Ghemawat is not persuaded. I imagine him, like Galileo Galilei before
the Inquisition, unable to keep from saying, “But it does move around the
sun!” In other words, a flat world may be rhetorically appealing to some,
but extensive empirical observation and analysis suggest that cultural, political, and geographic barriers between countries still loom large—and
have a major influence on global strategy.
If Ghemawat stopped there, he would simply have reminded us that
the world is a complex place and that strategic leadership is difficult.
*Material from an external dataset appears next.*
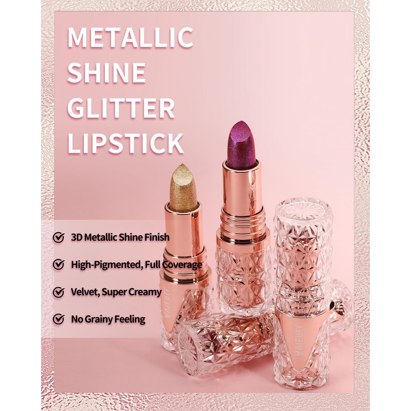 - Shimmer Metallic Lipstick - Glitter metallic lip stick is a moisturizing lipstick infused with shimmering sparkles combined with high pigments, provides bright and dazzling luster, and keeps you bright, waterproof and moisturizing all day long. It comes in 6 bold colors, each color with diamond shimmer glitter that meet your any occasion makeup need. A light application creates a subtle radiant lip look, while a thicker application showcases a metallic sheen.

But he is interested in providing actionable knowledge about global strategies that actually work. So Redefining Global Strategy gives the reader
coherent, powerful frameworks for thinking about the ways in which
borders matter and for evaluating cross-border moves. And perhaps even
more importantly, it develops an array of strategies for dealing with such
differences—strategies that go well beyond one-size-fits-all.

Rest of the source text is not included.